Известными пептидами, полученными из Rv1886c, Rv3874 и Rv3875 и ограниченными аллелем HLA-DRB1*04 (таблица 1), нагружали aAPC на основе HLA-DR4 и использовали для стимуляции PBMC, полученных от неинфицированных доноров, доноров с LTBI и доноров с активным TB. В альтернативе, выделенные PBMC инкубировали с добавлением пептидов для стимуляции T-клеток эндогенными APC. После стимуляции в различные моменты времени, от 4 до 72 ч, клетки гибридизовали с зондами к мРНК IL-2, IFNγ и TNFα и анализировали с помощью FC. Использовали отрицательный и положительный контроль, как описанный выше для CD8⁺ T-клеток.

Таблица 1 HLA-A*0201- и HLA-DRB1*04-ограниченные эпитопы
Белок M.tb	Эпитоп HLA-A2 (SEQ ID NO:)	Эпитоп HLA-DR4 (SEQ ID NO:)
Rv1886c
Rv1986
Rv2220		_***
Rv2659c
Rv2780		_***
Rv3407
Rv3874
Rv3875
* предсказано с использованием программы, доступной на вебсайте Immune Epitope Datase And Analysis Resource по адресу immuneepitope.org
** этот эпитоп ограничен обоими классами I/II.
*** не требуется, используется только с aAPC на основе I класса.

К этим результатам применяли методы статистического анализа, описанные в примере 3. Методы множественной стимуляции в этом примере также требуют смешанной модели ANOVA для сравнений.

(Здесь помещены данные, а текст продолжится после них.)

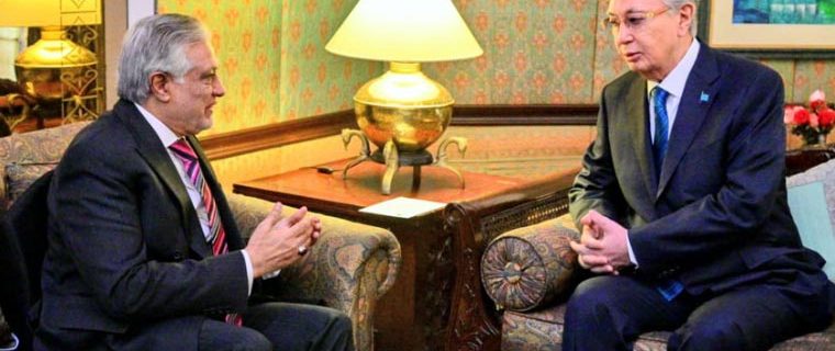 اسحاق ڈار اور قازقستان کے صدر کی ملاقات، دوطرفہ تعاون بڑھانے پر زور
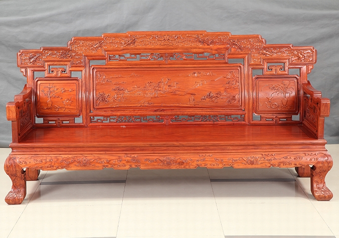 其他幾處紋飾圖案,還包括:在其沙發背靠板處之左右兩側,意帶有“福祿雙至”之意的面朝下飛舞的蝙蝠銜掛著的那四枚銅錢紋飾組合圖案:以及在其背板正中位置處,幅畫有的那一戶小小人家,在一株茂盛的松樹之下,大人與小孩一起快樂生活時的溫馨畫面場景,充滿著濃濃的生活氣息,十分甜蜜;而相對的,在其該處靠背板的背面,則是同樣雕繪有的三處相同之紋飾圖案,其部分是由其寄寓有祥瑞之意的“如意”紋組合而成,總體象征有“吉祥如意”的祝福寓意。
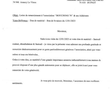 L’ergothérapeute d’une personne en situation de handicap de THONON-LES-BAINS, nous remercie pour l’aide que nous apportons à sa patiente. (…)
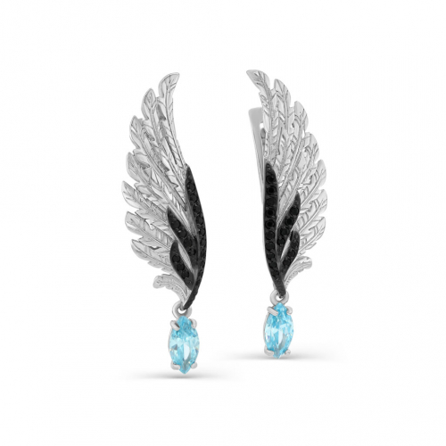 Удлинённые серьги из коллекции "Обретая крылья" от бренда KABAROVSKY с чёрными и голубыми фианитами, выполнены из серебра 925 пробы

Предыдущий тест позволяет обнаруживать как CD4⁺, так и CD8⁺ эффекторные T-клетки в крови пациентов с TB на основе стимуляции аллельспецифическими HLA класса I или класса II-ограниченными пептидами. Активированные эффекторные T-клетки, узнающие антигены Rv1886c, Rv3874 и Rv3875 и способные вырабатывать по меньшей мере один цитокин, IFNγ или TNFα, можно обнаруживать с легкостью. Одновременная продукция двух цитокинов (IL-2+IFNγ+ и IL-2+TNFα+) является менее распространенной в полностью дифференцированных T-клетках, которые представляют большинство эффекторов в крови пациентов с активным TB.

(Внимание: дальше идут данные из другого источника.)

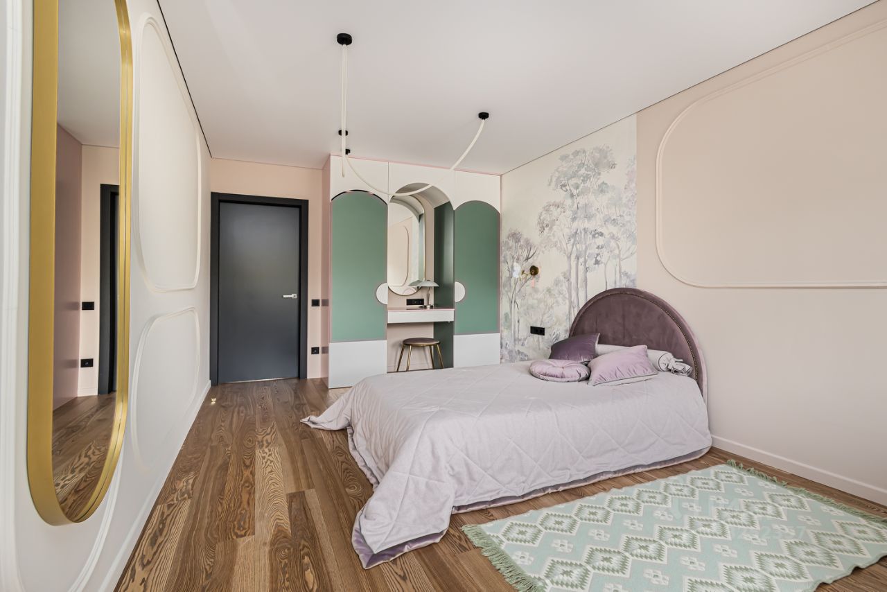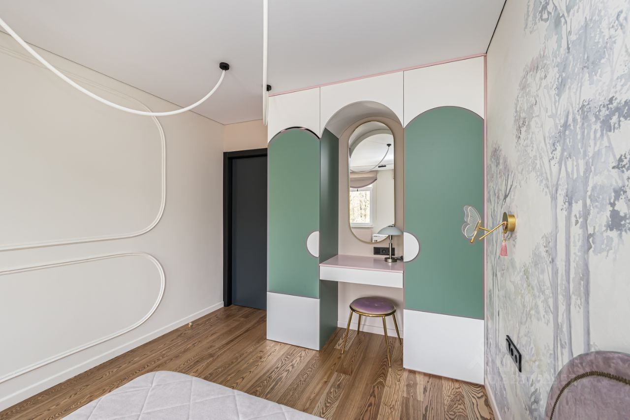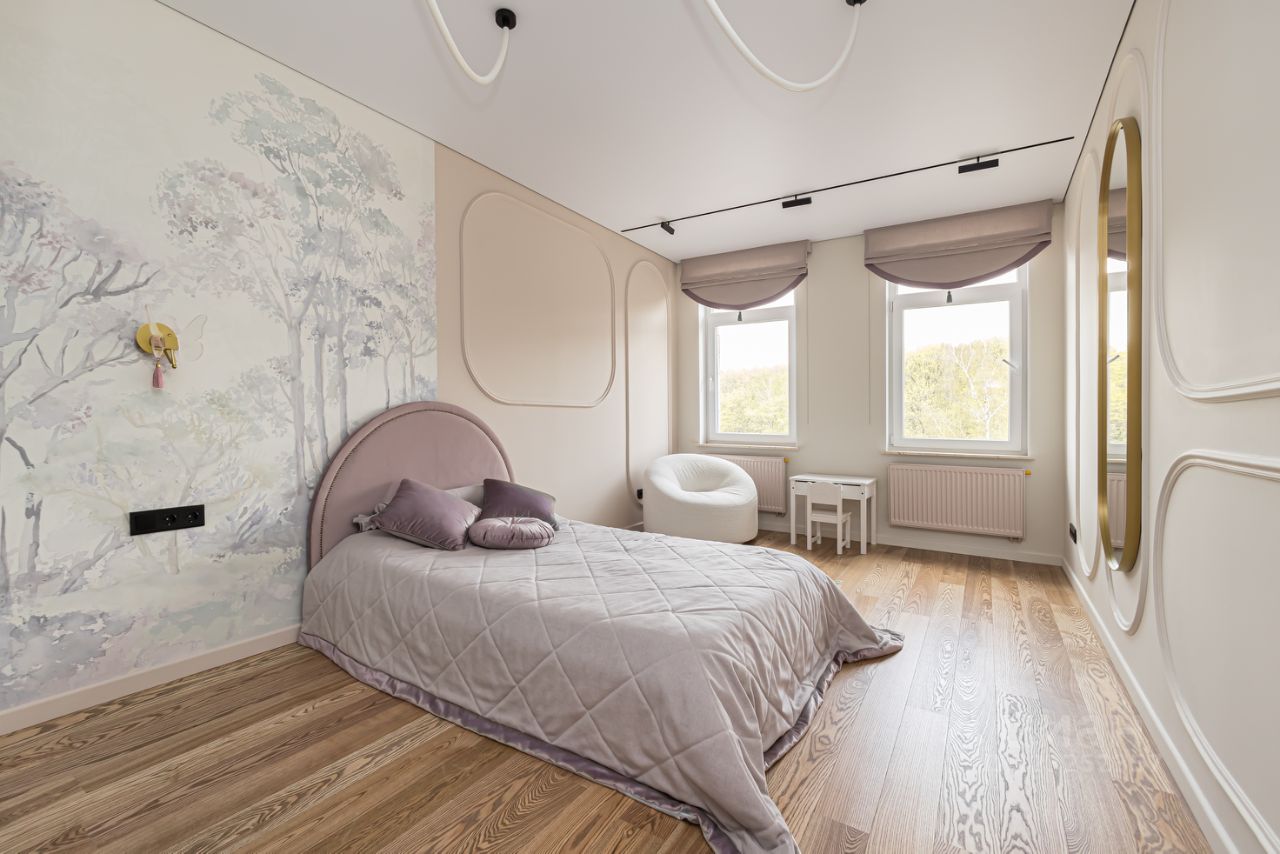 Детская девочки: Кровать с матрасом 190 на 120 Askona Шкаф большой - эмаль. 2 овальных зеркала Genglass 60*180, 51*136 Кресло вращающееся Luna букле Garda Decor Подоконники мрамор Текстиль (шторы, покрывало, подушки) и карнизы - Италия.

ПРИМЕР 5. ЦИТОКИНОВЫЕ ПРОФИЛИ ОДИНОЧНЫХ T-КЛЕТОК, ИНДУЦИРУЕМЫЕ ИНФЕКЦИЕЙ СТАДИЕСПЕЦИФИЧЕСКИХ АG

PBMC от доноров с активным TB, LTBI и неинфицированных доноров стимулировали в различные моменты времени (от 4 до 120 ч) aAPC на основе HLA-A2 и HLA-DR4, нагруженными смесями пептидов, полученных из Rv1886c (активная стадия TB) и Rv1986, Rv2659c и Rv3407 (стадия LTBI). В альтернативе выделенные PBMC инкубировали с добавлением пептидов для стимуляции T-клеток эндогенными APC. Регистрируемым результатом является экспрессия IL-2, IFNγ и TNFα при использовании трех наборов из приблизительно по 50 одиночно меченных флуоресцентных зондов и обнаружение с помощью FC количества экспрессирующих клеток. Для идентификации кандидатных Ag, которые могут позволять различать состояния болезни, использовали однофакторные ANOVA и высокое p-значение (p=0,25) в качестве порогового. Отобранные Ag использовали для создания модели ответов, которая распознает группы доноров, используя обобщения логистической регрессии, такие как политомную или интегральную логистическую регрессию.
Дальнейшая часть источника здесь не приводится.